Гретхен (или Гильда) выехала в неизвестном направлении, и

Смуров некоторое время ее разыскивал, но потом бросил и

признался Вайнштоку, что хорошенького понемножку. И вечером

Евгения Евгеньевна рассказала, что узнала от швейцарихи

необыкновенные вещи.

- Не пожарный, вовсе не пожарный, - смеясь говорила

Евгения Евгеньевна, - а иностранный поэт, как это прелестно...

У иностранца-поэта была несчастная любовь и родовое поместье

величиной с Германию, но ему было запрещено вернуться восвояси,

как это прелестно... Жалко, швейцариха не спросила фамилью,

наверное русский, я даже подозреваю, что это кто-нибудь, кто

бывает у нас, - вот, например, этот прошлогодний, ну этот же,

роковой брюнет, как его...

- Я знаю, кого ты думаешь, - вставила Ваня. - Ты

думаешь - Корф.

- А может быть, кто-нибудь другой, - продолжала Евгения

Евгеньевна. - Нет, господа, это так прелестно! Полный души

мужчина, духовный мужчина, говорит швейцариха. С ума можно

сойти...


- Я все это непременно запишу, - сказал сдобным голосом

Роман Богданович, - Мой ревельский приятель получит на этот

раз интереснейшее письмо.

- Неужели вам не приедается, - спросила Ваня. - Я

несколько раз потом перечитывала, и потом было стыдно за

написанное.

- Нет, почему же, - протянул Роман Богданович. - Если

писать обстоятельно и постоянно, то делается приятное чувство,

чувство самосохранения, так сказать, всю свою жизнь сохраняешь,

и впоследствии чтение не лишено любопытства. Вас я, например,

описал, как дай Бог описать кадровому писателю. Тут черточку,

там черточку - и получилась полная картина...

- Ах, покажите, - сказала Ваня.

- Не могу, - с улыбкой ответил Роман Богданович.

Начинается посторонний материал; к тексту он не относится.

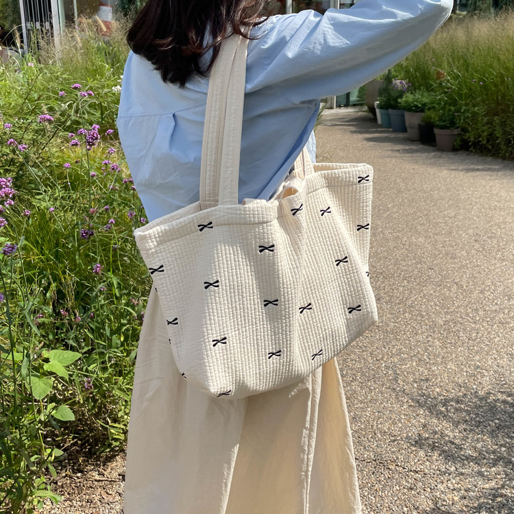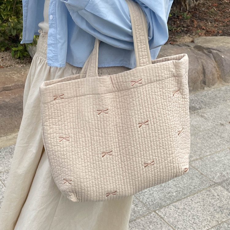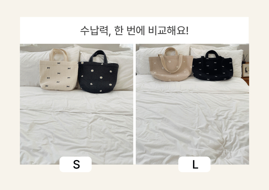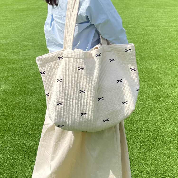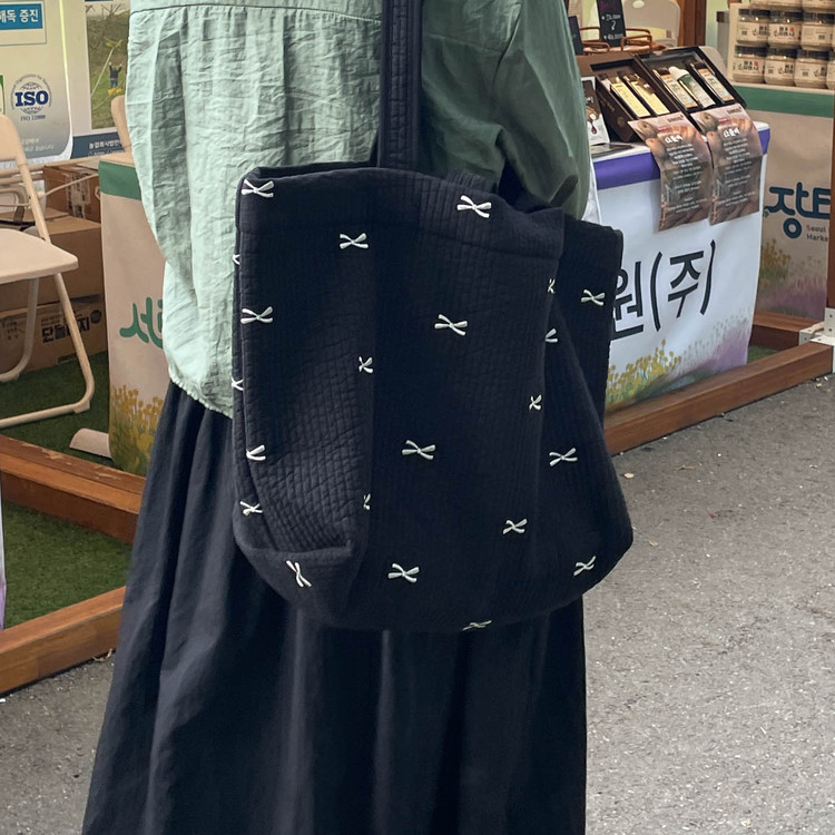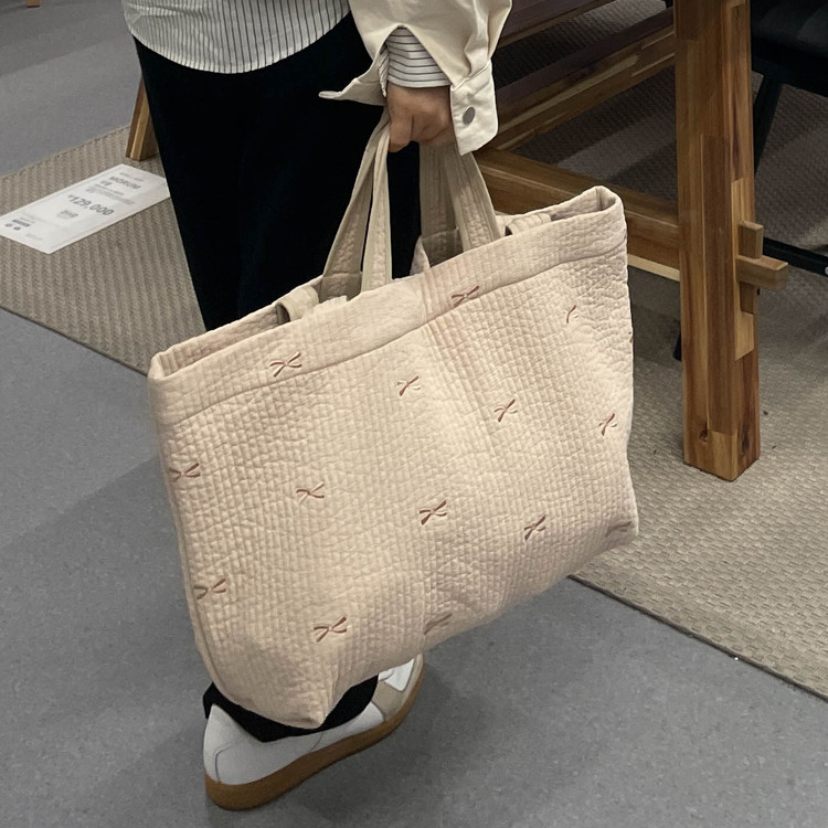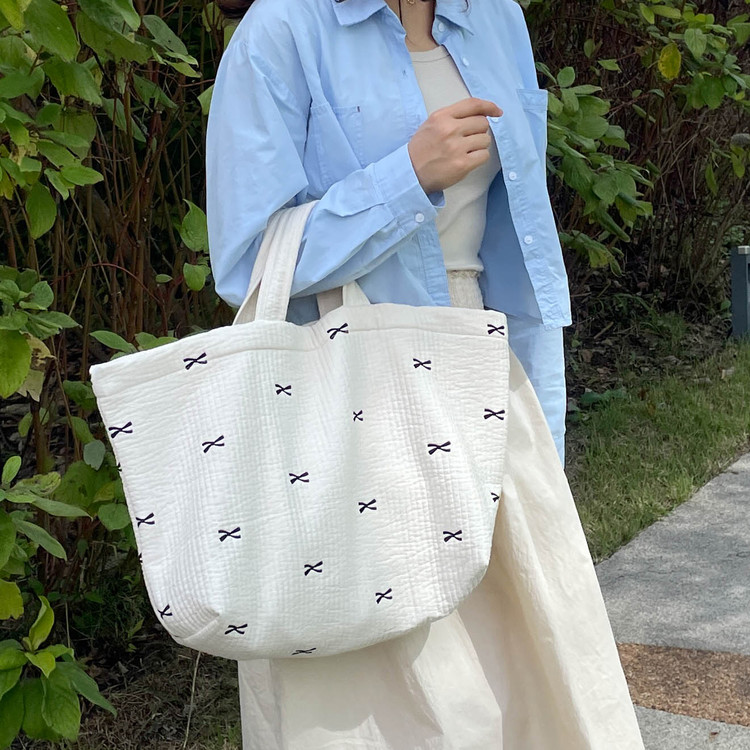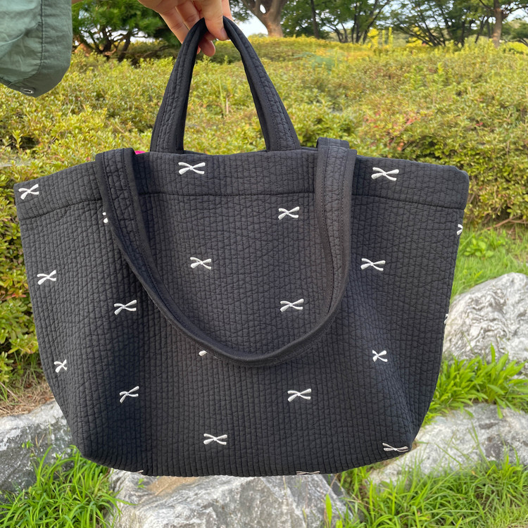 쥬앤크홈 리본 자수 에코백 기저귀가방 토트 숄더 백 노트북 여성 보부상 대학생 가방
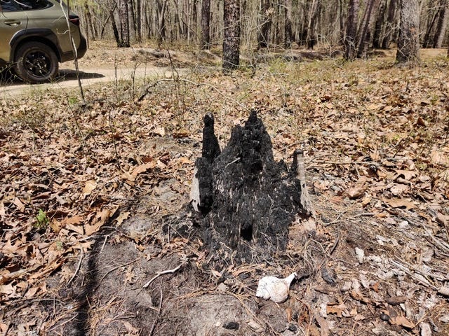Not far from here is Inskip Road, which I traveled just to see what I could see. It’s your typical Pine Barrens road, sandy hard pack with fallen boughs and washouts. I measured them and they weren’t too deep for my Squatcharu1, so I followed it back to the road. It seems mostly used by hunters and workers at a nearby crushed stone supplier who has dug their own blue hole in the sand. I found a scorched tree stump with a conch shell next to it that reminded me of Lord of the Flies. Piggy’s glasses were nowhere to be found.

- Ну покажите Женичке, - сказала Ваня.

- Не могу, - хотел бы, да не могу. Мой ревельский

приятель складывает у себя рукописи по мере их получения, и

копий я нарочно не оставляю, чтобы не было соблазна постфактум

подправлять, вычеркивать и так далее. И когда-нибудь, когда

Роман Богданович будет очень стар, сядет Роман Богданович за

стол и начнет перечитывать свою жизнь. Вот для кого я пишу -

для будущего старика с рождественской бородой... И если я тогда

найду, что жизнь была богатая, ценная, то оставлю мемуары

потомкам в назидание.

- А если все ерунда? - спросила Ваня.

- Кому ерунда, кому нет, - довольно кисло ответил Роман

Богданович.

Меня давно уже занимала и несколько тревожила мысль об

этом эпистолярном дневнике. Постепенно желание прочесть хоть

один отрывок стало страстным терзанием, ежеминутной моей

заботой. Я не сомневался, что в этих записях изображен Смуров.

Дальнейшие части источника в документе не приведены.